[Date Prev][Date Next][Thread Prev][Thread Next][Date Index][Thread Index]

Re: [Condor-users] Matching to not responding machines



Hi Hermann,

On 03/28/2012 11:32 AM, Hermann Fuchs wrote:
However, I would like to implement some kind of a failure detection for
the running grid as network problems will and do occur.
Is there a query which is only answered when the machines do
communicate?
condor_status seems to be misleading, the machines listed there which
stopped communicating remain there in some cases (e.g. the mentioned
case).

You could use INVALIDATE_STARTD_ADS (man condor_advertise) to make the collector forget about specific machines. You would need to know which machines to invalidate.
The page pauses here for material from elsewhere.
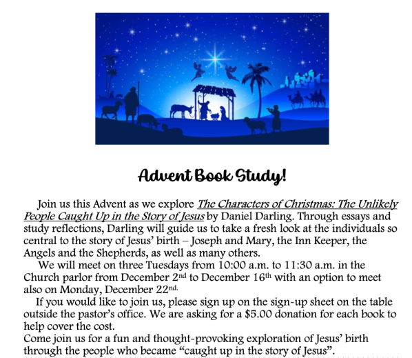 | Monday, December 22 | 10:00am | Optional Advent Bible Study |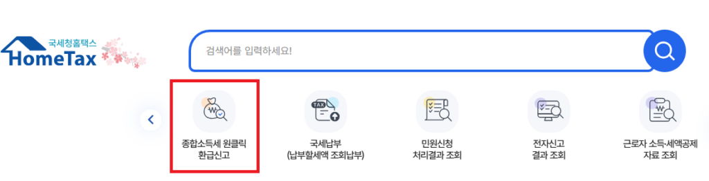 3. 메인화면에서 ‘종합소득세 원클릭 환급 신고’ 메뉴 선택

The only way I can think of right now is to ask them directly (condor_status -direct or maybe condor_config_val) and check the exit status of those commands. The downside of this approach is that you will have to endure a timeout for every machine that has the problem. If you have hundreds or thousands of machines, it will quickly become unfeasible.

Alternatively, you could tweak CLASSAD_LIFETIME on the collector to make it forget about unresponsive machines more quickly, but it might also accidentally invalidate working machines if any updates get lost on the network. See: http://research.cs.wisc.edu/condor/manual/v7.6/3_3Configuration.html#SECTION004316000000000000000

Regards,

Rob